_Data records:_
=-=-=-=-=
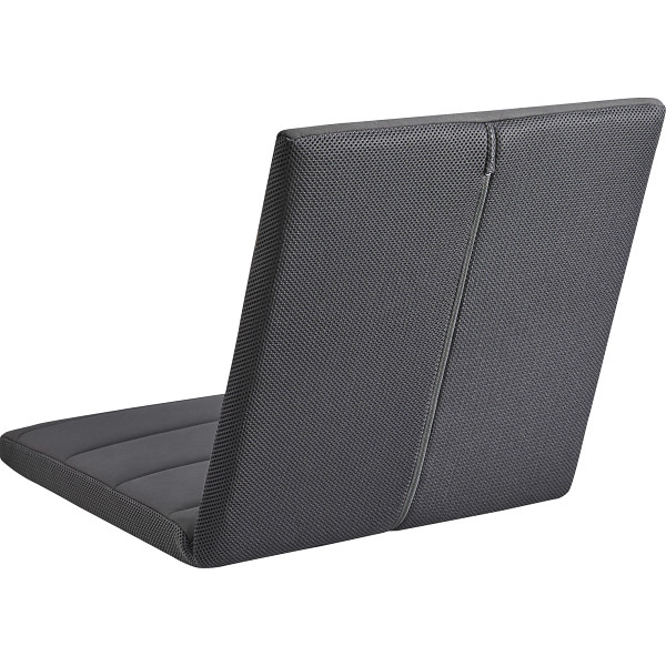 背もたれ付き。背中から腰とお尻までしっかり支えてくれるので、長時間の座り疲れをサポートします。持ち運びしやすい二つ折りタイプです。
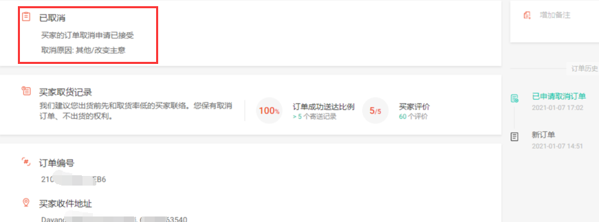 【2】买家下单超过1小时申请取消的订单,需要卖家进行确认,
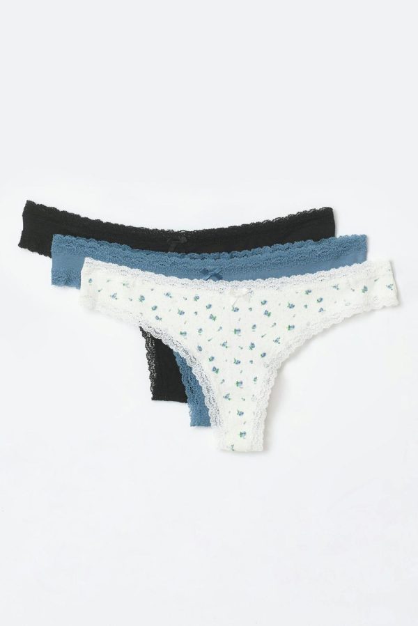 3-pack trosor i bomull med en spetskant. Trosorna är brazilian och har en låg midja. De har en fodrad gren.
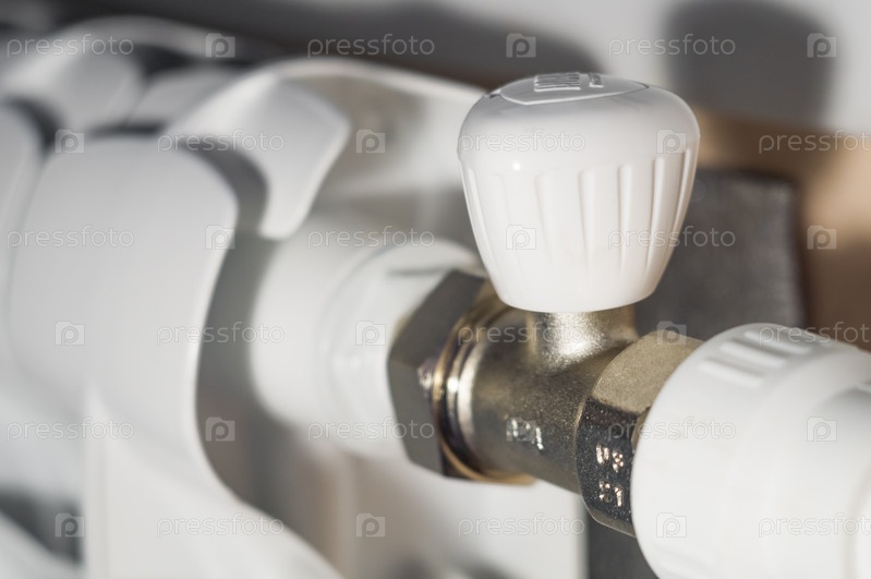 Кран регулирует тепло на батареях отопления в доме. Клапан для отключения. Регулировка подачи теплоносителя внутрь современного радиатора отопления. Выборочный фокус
=-=-=-=-=
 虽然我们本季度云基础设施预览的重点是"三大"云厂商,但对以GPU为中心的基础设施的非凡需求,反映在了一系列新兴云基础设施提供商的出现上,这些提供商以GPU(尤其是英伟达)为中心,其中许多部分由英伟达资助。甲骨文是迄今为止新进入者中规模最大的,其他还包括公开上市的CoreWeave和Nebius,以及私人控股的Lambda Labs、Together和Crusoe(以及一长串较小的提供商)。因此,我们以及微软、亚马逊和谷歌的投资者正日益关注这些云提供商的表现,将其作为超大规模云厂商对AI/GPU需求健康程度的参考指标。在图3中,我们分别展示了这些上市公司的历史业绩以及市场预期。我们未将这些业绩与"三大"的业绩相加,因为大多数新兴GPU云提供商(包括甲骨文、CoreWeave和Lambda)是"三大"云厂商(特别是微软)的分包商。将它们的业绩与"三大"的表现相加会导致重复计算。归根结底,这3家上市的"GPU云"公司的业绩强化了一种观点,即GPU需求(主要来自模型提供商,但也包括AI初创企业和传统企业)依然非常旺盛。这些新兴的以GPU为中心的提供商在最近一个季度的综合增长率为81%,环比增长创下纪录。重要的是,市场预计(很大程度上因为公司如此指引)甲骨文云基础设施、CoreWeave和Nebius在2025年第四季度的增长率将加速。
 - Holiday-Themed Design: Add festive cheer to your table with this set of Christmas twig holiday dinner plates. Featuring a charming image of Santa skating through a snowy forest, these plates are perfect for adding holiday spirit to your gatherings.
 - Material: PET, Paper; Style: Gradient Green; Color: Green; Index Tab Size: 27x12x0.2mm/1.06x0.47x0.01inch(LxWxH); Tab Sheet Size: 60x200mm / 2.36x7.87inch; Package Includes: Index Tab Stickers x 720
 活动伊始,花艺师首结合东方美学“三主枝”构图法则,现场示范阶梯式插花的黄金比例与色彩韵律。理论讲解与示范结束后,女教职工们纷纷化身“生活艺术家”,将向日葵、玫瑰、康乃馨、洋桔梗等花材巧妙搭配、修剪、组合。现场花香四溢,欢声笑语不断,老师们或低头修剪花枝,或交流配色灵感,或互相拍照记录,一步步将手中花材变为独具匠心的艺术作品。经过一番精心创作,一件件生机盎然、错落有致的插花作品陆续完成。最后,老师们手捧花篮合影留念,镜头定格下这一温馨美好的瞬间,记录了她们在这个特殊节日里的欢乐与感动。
=-=-=-=-=
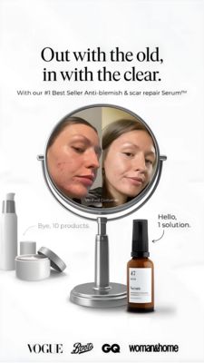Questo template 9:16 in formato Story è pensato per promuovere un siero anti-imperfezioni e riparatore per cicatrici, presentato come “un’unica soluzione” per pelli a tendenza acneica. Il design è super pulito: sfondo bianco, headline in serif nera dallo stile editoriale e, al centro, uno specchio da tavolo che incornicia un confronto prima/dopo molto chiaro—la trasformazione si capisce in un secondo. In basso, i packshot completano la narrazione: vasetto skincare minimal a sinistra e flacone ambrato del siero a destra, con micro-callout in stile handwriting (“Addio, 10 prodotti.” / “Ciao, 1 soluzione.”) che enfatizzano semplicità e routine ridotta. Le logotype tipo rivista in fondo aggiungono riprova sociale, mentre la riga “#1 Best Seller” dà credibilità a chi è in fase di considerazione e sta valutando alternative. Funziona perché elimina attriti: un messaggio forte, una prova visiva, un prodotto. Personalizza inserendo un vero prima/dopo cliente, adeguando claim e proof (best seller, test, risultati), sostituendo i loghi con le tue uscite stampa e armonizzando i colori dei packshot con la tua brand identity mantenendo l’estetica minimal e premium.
=-=-=-=-=
The reply should hold the entries above from the line with "背もたれ付き。背中から腰とお" to the line with "Кран регулирует тепло", duplicated exactly, pictures excluded.

 背もたれ付き。背中から腰とお尻までしっかり支えてくれるので、長時間の座り疲れをサポートします。持ち運びしやすい二つ折りタイプです。
 【2】买家下单超过1小时申请取消的订单,需要卖家进行确认,
 3-pack trosor i bomull med en spetskant. Trosorna är brazilian och har en låg midja. De har en fodrad gren.
 Кран регулирует тепло на батареях отопления в доме. Клапан для отключения. Регулировка подачи теплоносителя внутрь современного радиатора отопления. Выборочный фокус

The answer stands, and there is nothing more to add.